Without thinking about the consequences, I fight back, grabbing the man beneath me, slamming his head into the ground when he tries to take control.
It’s not until he stills that I realize what’s happened, Hayley’s cries jolting me out of my anger.
“Zane?” I’m pulled back to the present as Cade’s annoying tone seeps into my memory and I shake off my thoughts.
“What?” I ask, not even bothering to hide my confusion.
He frowns for a beat before repeating himself. “I asked if you remember that girl that flew in for the summer each year. The one that wouldn’t give us the time of day? Gabriella?”
“Nope,” I lie in the hope that he’ll stop playing this game. Of course I remember her. Cade was obsessed. Told us all he was going to marry her one day. But I’m not in the mood to take a drive down memory lane. The memory of last night is debilitating enough.

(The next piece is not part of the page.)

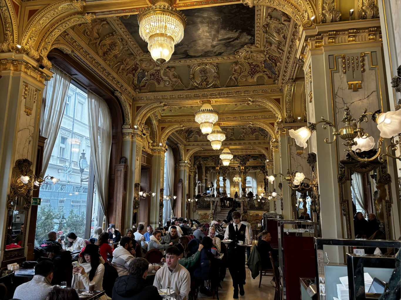 A New York Kávéház beengedőrendszere lenyűgözött bennünket: hatalmas, többsávos zsilip rendszer, pontosan úgy kialakítva, mint a legnagyobb európai múzeumoké. Itt négy-öt ember foglalkozott a beérkező vendégekkel, és mindez szinte felüdülést hozott, hiszen a szabad levegőn való várakozás már eltűnt a távolban. Ekkor derült ki, hogy a látogatás időpontja hatalmas szerepet játszik: januárban kevesebb a turisták száma, és a helyiek is inkább elkerülik ezt az időszakot. Pihenőidő volt; a konyha épp az ebéd kihívásainak előkészületeit tette.

Although, the irony is that’s exactly what I’m doing. I’m taking a drive toward the town I hoped would forever be a memory. A torturous memory that keeps me up at night, but a memory all the same.
And the closer we get, the more I’m regretting it.
Nothing good can come from being back here. I’ve got enough on my plate right now.
Cade scoffs beside me, pulling me out of my thoughts. Again. “Fuck off,” he grates but there’s a lightness to his tone. “You remember her. Everyone does.”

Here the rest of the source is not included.